I had several great conversations with various people over the course of the weekend. What struck me before the drool began to flow last night is that the past two to three years have gone by in a veritable blur, and it's causing deep appreciation for this journey called Life.

Talking to Jon brought back a flood of memories...especially since life has changed so much for his family these past couple of years. If I close my eyes, I can see their house up on Aiea Heights. Jon and Amy were the ones who actually paid the rent, but it seemed like so many of us lived there with them. When we were all in youth ministry, we learned to do ministry together. After most of us left youth staff, we learned to hang out together. When we hung out together, we learned that we really did love each other. Today, it's bittersweet to think about that house; it stands there up on the hill, rented out by someone else, someone that doesn't realize just what it means. It means laughter, it means tears, it means memories that will echo for long after they move on to pay rent somewhere else. I remember telling Jon that when we helped them move, it was like we were all moving out with them. That day we did the garage sale, you could hear us saying, "oh, remember when...?" over and over again.
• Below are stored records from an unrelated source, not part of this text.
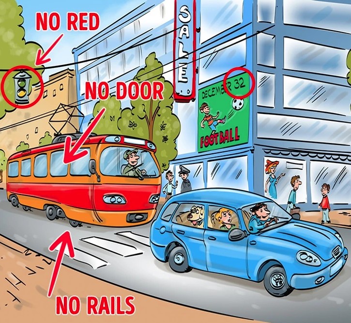 На картинке №2 у светофора нет красного сигнала, у трамвая нет дверей, на дороге нет рельсов, а футбольный матч состоится аж 32 декабря...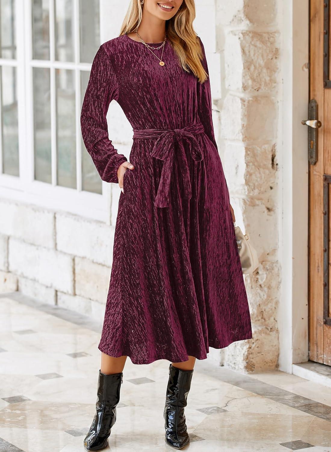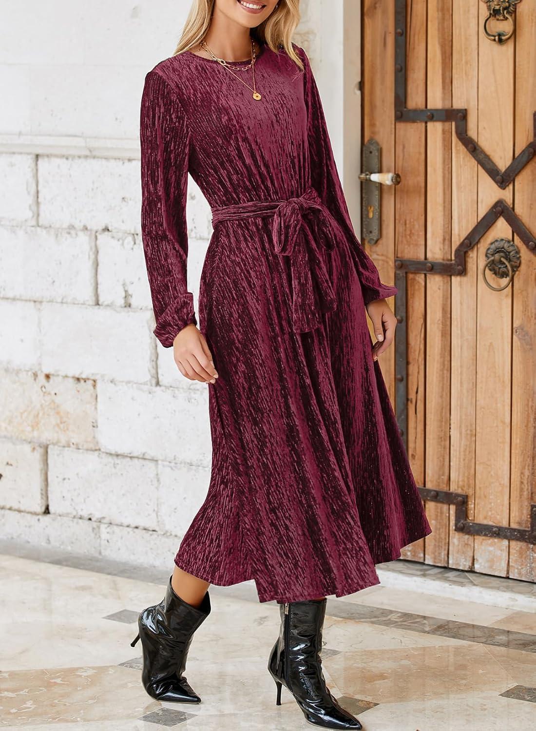 Happy Sailed Women’s Velvet Dress Fashion Fall Winter Long Sleeve High Waist A-Line Semi Formal Wedding Guest Dresses(Burgundy)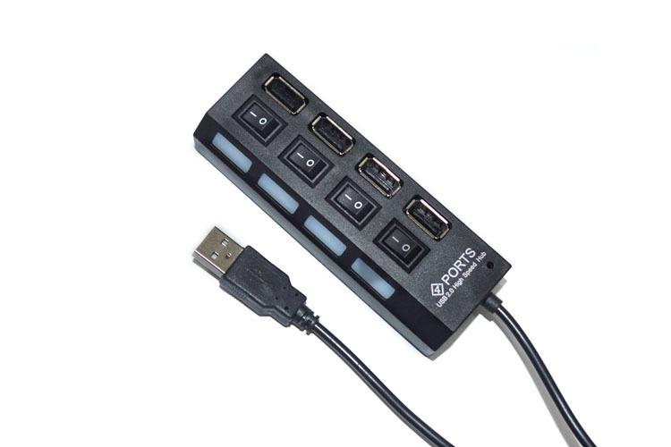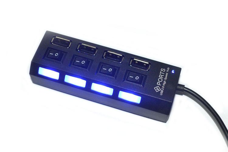 Concentrador USB 2.0 de alta velocidad con botón de interruptor de 4 puertos con luz y soporte para cuatro puertos, divisor de disco duro de 1 TB

Now that I think about it, I don't think I have to close my eyes to see it; I can see it right now. I can see the spot down on the road where we sat when he told me he and Amy were leaving. I can see myself sitting at the table when they told us they were gonna have a baby. Twin girls, they later found out :) I can see the high school boys wrestling on the floor, and can hear Amy telling them to stop. I can see the time a bunch of us raided the girl's sleepover, and we turned off the electricity. Oh, right, that was more than just one time ;) I can see Jeff and Andrew and myself...eating...we made sure to let the girls go first, lest Amy scold us for that, as well :) I can see Andy in the kitchen, making coffee, Im laughing with Jenn, and Lisa crashed out on the floor. Inevitably, I'd sneak outside to talk to You, Lord. The moon and stars always did look better from up there, outside that house in Aiea Heights. Yeah, there's a lot I can see now...and it's not such a blur anymore.